Kulüp kapandı, isim değişti, renk ve armanın mirası sürdü ancak borçlar ve sorumluluklar bir evvelki sayfada kaldı. Aynı ligde, yeni kimlikle, sil baştan üzere.
Bu sistemin yarattığı sorular net: Bu bir yine doğuş mu, yoksa etik dışı bir sıfırlama mı? Avrupa’nın futbol hukukuyla Türkiye’deki “tabela değiştir, devam et” pratikleri ortasındaki uçurum giderek büyüyor.
Türk Futbolunda İsim değişiklikleri ve tekrar başlangıçlar
Gelin artık mevzuyu biraz daha derinden inceleyelim.
Türk futbolunda 2000’lerden bu yana birçok kulüp, isim değişikliğine giderek yahut yeni bir kimlikle sahneye çıkarak varlığını sürdürmeye çalıştı. Bu değişimlerin ardındaki nedenler çoklukla ekonomik problemler (borç batağından kurtulma), belediye dayanağı arayışı, şirket sponsorlukları ya da kulüpler ortası birleşmeler oldu. Bilhassa Anadolu’da borç nedeniyle iflasa sürüklenen esaslı kulüplerin yerine “yeni” isimlerle kurulan gruplar görmek sıklaştı. Aşağıdaki listede, son 20 yılda Türkiye profesyonel liglerinde gerçekleşen muhakkak başlı isim değişiklikleri ve nedenleri özetledim;
Gençlerbirliği OFTAŞ (Ankara) – Yeni ismi; Hacettepe SK
Aynı ilin grubu Gençlerbirliği’ne bağlı görünen OFTAŞ, FIFA baskısı ve etik tartışmalar nedeniyle tarihi Hacettepe ismini aldı. Böylelikle Gençlerbirliği ile organik bağı koparıldı.

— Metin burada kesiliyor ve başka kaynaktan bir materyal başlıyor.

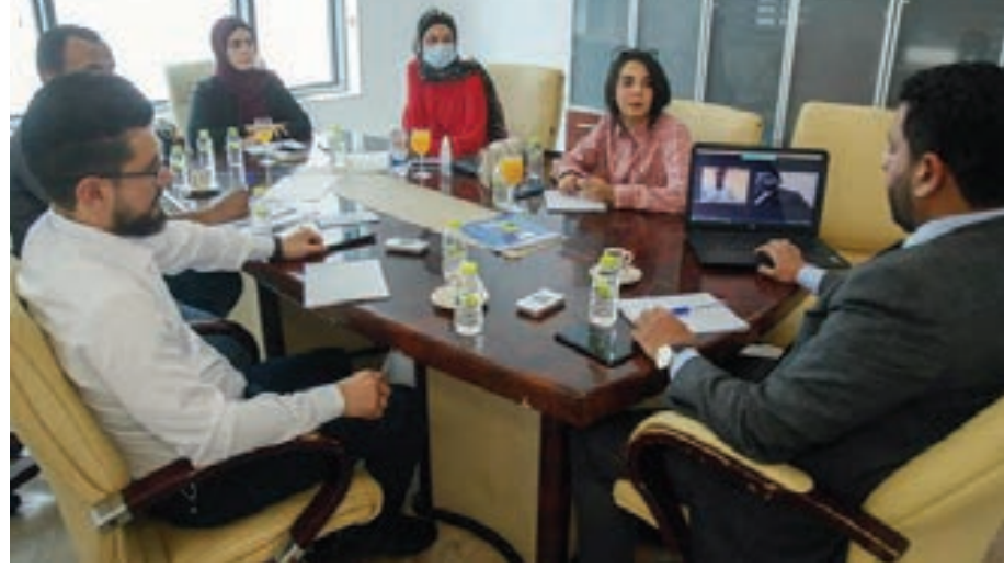
اجتماع اللجنة التأسيسية للبرلمان الشبابي الانتقالي الليبي.

يبدو أن حلم تشكيل «برلمان شباب ليبيا» سيصبح حقيقة في القريب، حسب ما يرى متابعون للشأن الليبي، فداخل ديوان وزارة الشباب بالعاصمة طرابلس، عقد أعضاء اللجنة التأسيسية لبرلمان الشباب الليبي، الإثنين، الاجتماع السابع، الذي جرى فيه النقاش حول الأعداد والفرز المبدئي للمتقدمين للبرلمان الشبابي، وذلك عبر الضوابط المنشورة في الصفحة الرسمية للوزارة على موقع التواصل الاجتماعي «فيسبوك».

İstanbul Bş. Belediyespor – yeni ismi; İstanbul Başakşehir FK
Belediyeden ayrışma: İstanbul Büyükşehir Belediyesi futbol şubesinin özelleştirilip Başakşehir ilçesine periyodu sonucunda isim değişti. Kulüp belediye ismini bırakıp şirket yapısına geçti.
Ankaraspor (BŞB Ankaraspor) – yeni ismi; Osmanlıspor FK
Ankara Büyükşehir’in ekibi, 2014 yılında yeni idarenin tercihiyle Osmanlı mirasını çağrıştıran bir isim aldı. 2020’de ise tekrar Ankaraspor ismine döndü (eski idareye dönüş)
Kayseri Erciyesspor – yeni ismi; Kayserispor (isim takası)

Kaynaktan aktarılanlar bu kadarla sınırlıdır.